Based on the sequencing approach used, the 5' and 3' adaptor sequences used to tag the cDNA library can be altered as needed. Previously, dual adapter-tagged cDNA libraries have been characterized using Illumina NGS. Low-cycle PCR can also be used to index universal adaptor cDNA libraries following the RT reaction. Alternatively, full-length adaptor sequences of choice can be included in the 5' and 3' adaptors used in the initial RT reaction.

== Applications ==
To date, OTTR has been used for quantifying tRNA species. This method provides a reliable and precise quantification of tRNAs and allows for the detection of changes in tRNA levels under different physiological conditions. Therefore, this method is useful for a variety of research applications in the field of molecular biology and genetics.

As tRNAs are essential components of translation, the ability to quantify tRNA levels accurately is crucial for understanding how the translation machinery is regulated. Using OTTR, researchers can determine changes in tRNA levels in response to different growth conditions, environmental stress, or genetic modifications. This information can help to identify factors that affect tRNA abundance and their potential roles in modulating translation.

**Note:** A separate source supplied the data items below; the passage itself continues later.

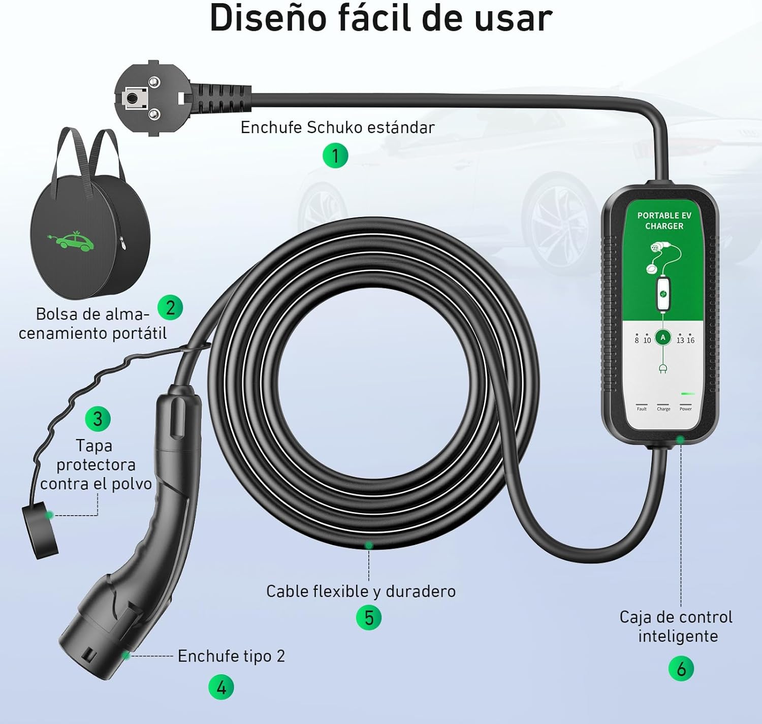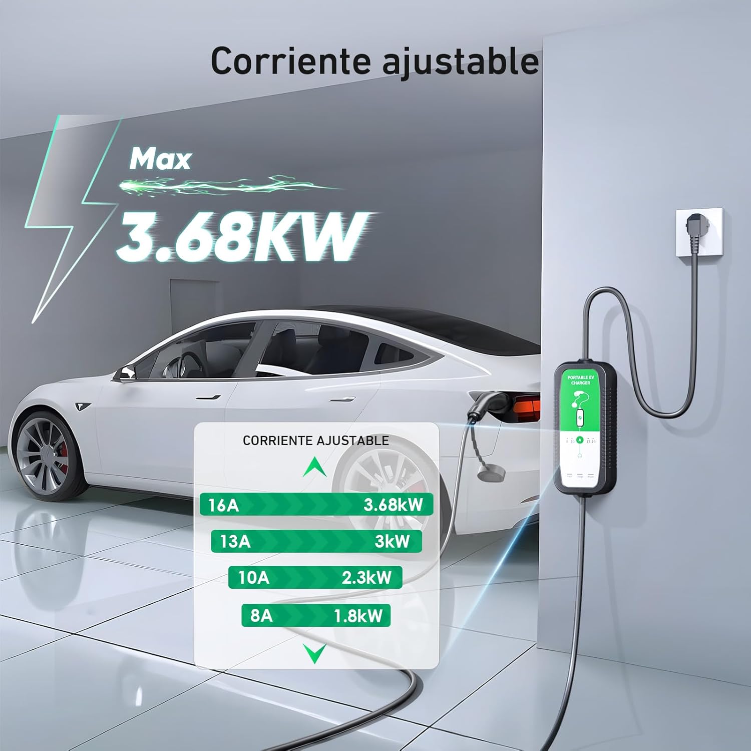 【Carga Rápida 3,68 kW】 Este cargador para coche eléctrico tipo 2 ofrece una corriente máxima de 16A, lo que permite cargar 1,6 veces más rápido que los cargadores tradicionales (10A). Con una potencia de carga de hasta 3,68 kW (230 V x 16 A), satisface tus necesidades de carga rápida.
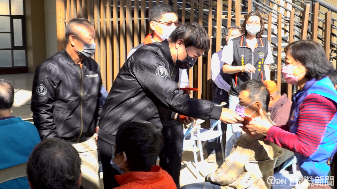 ▲廠長與里長親自將慰問金送到每位長者手中/記者 楊宗桓攝
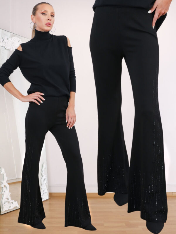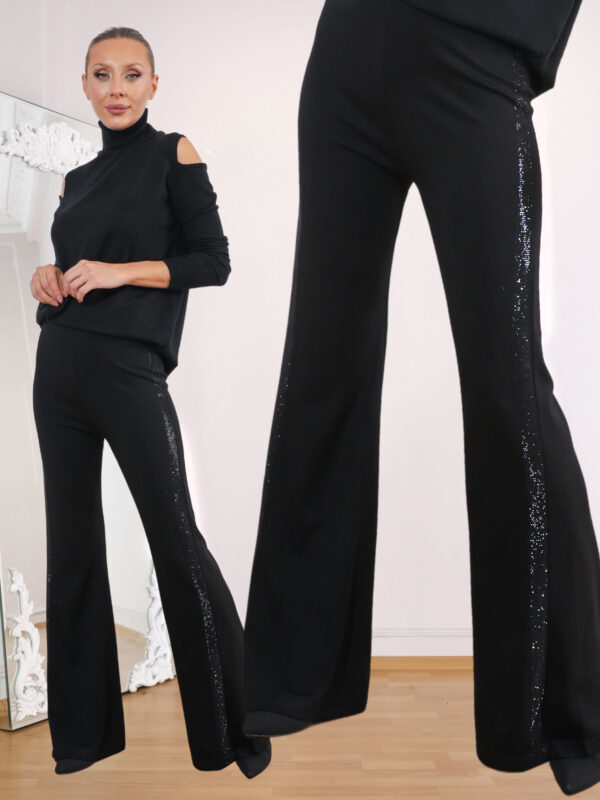 Siyah Yan Siyah Taşlı Sparkle Strech Pantolon
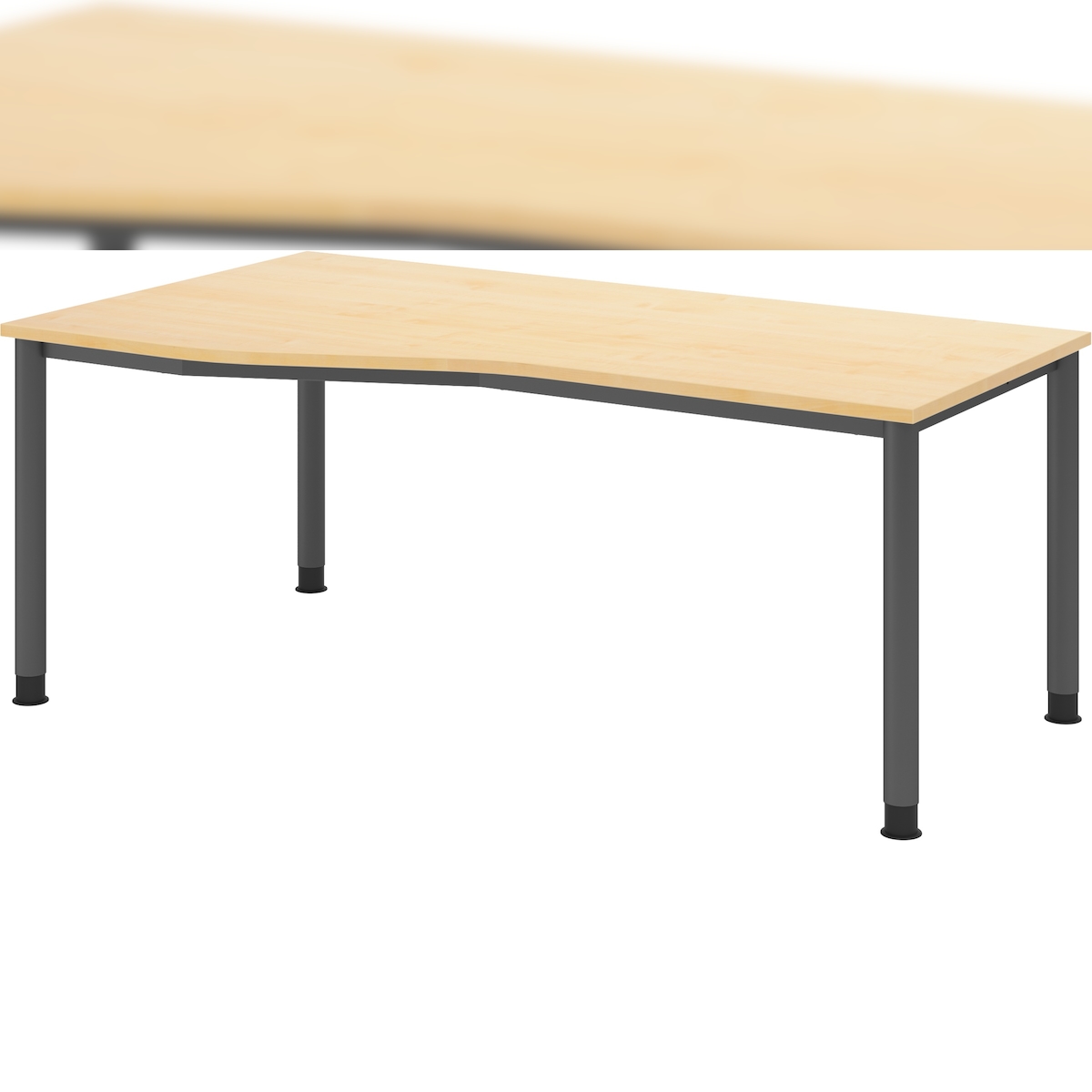 bümö höhenverstellbarer Schreibtisch H-Serie 180x100 cm in Ahorn, Gestell in Graphit - PC Tisch für's Büro manuell höhenverstellbar, Computertisch
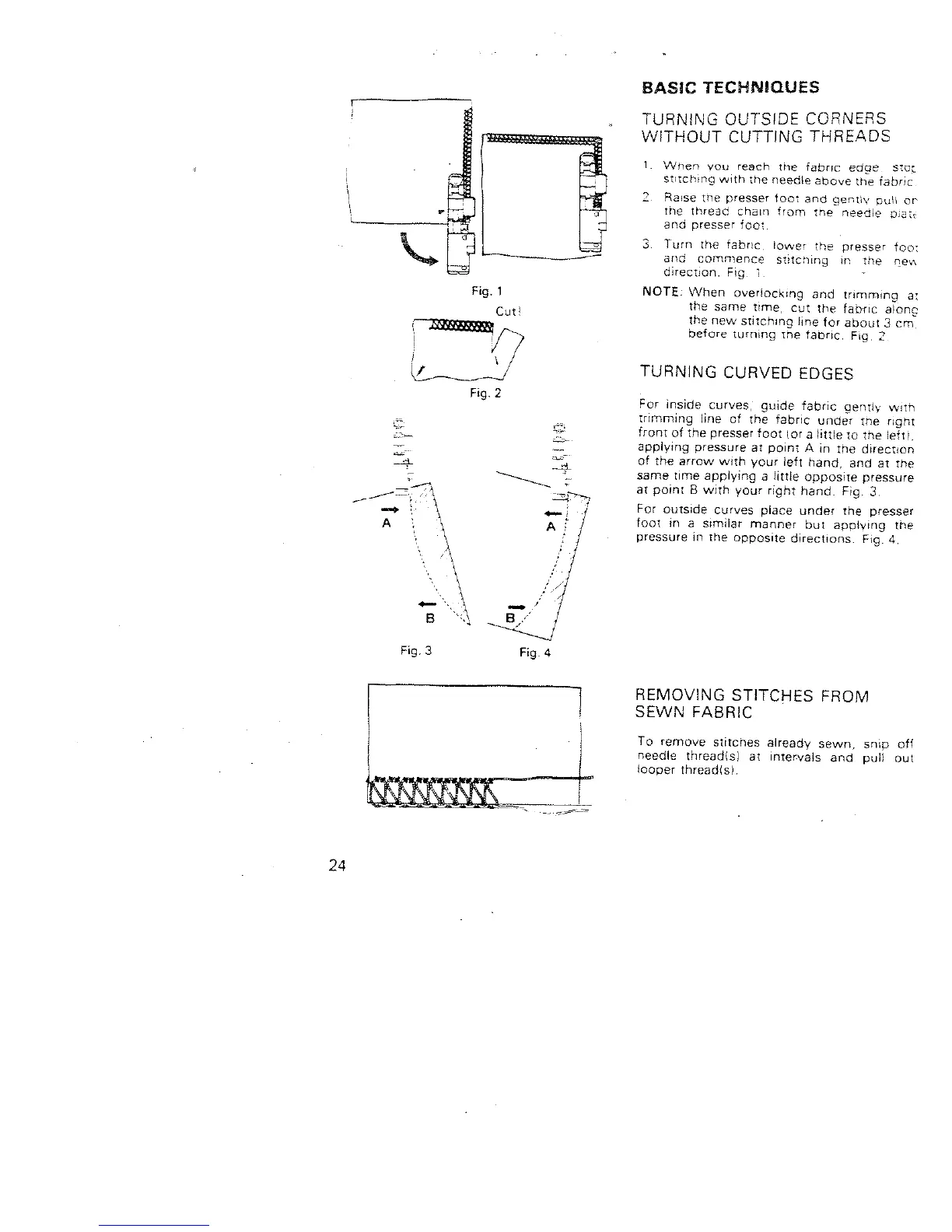White Super Lock 734 - Basic Techniques; Turning Outside Corners Without Cutting Threads; Turning Curved Edges; Removing Stitches from Sewn Fabric

In particular, the OTTR protocol has been used to characterize the small RNA composition of mammalian sperm populations. This work revealed that sperm small RNA pools are composed largely of rRNA fragments and both 5' and 3' tRNA halves from the majority of tRNAs. This improved understanding of sperm payload composition has implications for our understanding of the biogenesis of structural RNA fragments in the male germline, as well as the biochemical nature of the RNAs delivered to the zygote upon fertilization.

The OTTR protocol could also be used in the study of piwi-interacting RNAs (piRNAs), which is another important classes of small RNAs. While the applications of OTTR have mainly been focused on tRNA fragment detection, OTTR has also been shown to perform well in the capture of miRNAs which could be useful for the study of miRNA expression patterns in different cell types or under different conditions.

Future applications of protocols similar to OTTR are also being considered in the development of diagnostic assays for small RNAs. The high fidelity of the OTTR protocol in capturing small RNAs could make it an attractive option when paired with liquid biopsy assays, where circulating small RNAs are analyzed as biomarkers for various diseases.

== Advantages and Limitations ==
===Advantages===

- Full-length ncRNA capture – BoMoC has high processivity across modified RNA templates resulting in the production of more full-length cDNA products compared to common reverse transcriptase's, which are prone to premature termination at modified sites.
- Single tube reaction – All cDNA synthesis steps can be performed in a single tube, without the need for intermediate purification steps. This allows for automation of the OTTR approach. Additionally, this reduces the total amount of input RNA required purification steps, prone to loss of
- Capture of modified sites – Mis-incorporation signatures of BoMoC across modified RNA bases have been characterized. Therefore, OTTR allows for the identification of modification status of RNA transcripts where modified sites are known.
- Sequencing of both RNA and DNA templates – While RNA templates have been used to benchmark the OTTR technique, BoMoC is processive over DNA, meaning this library preparation approach could be adapted for DNA characterization.

===Limitations===

- Identification of novel modified sites – BoMoC does not capture the modification directly but rather the mis-incorporation signature resulting from the modified base. Therefore, sites where modification status has not been previously established may be difficult to confirm the identity of the modification.
- Pre-mature termination of cDNA – Approximately, 10% of miRNA species characterized using OTTR experience prematurely terminated cDNA products. While these levels are low compared to common reverse transcriptase, some species carrying very bulky modifications may be challenging to capture with OTTR.
- Diversity in species used for benchmarking – To date, miRNA and tRNA pools have been characterized with OTTR. However, more validation, with diverse RNA and DNA species will increase the potential applications of OTTR.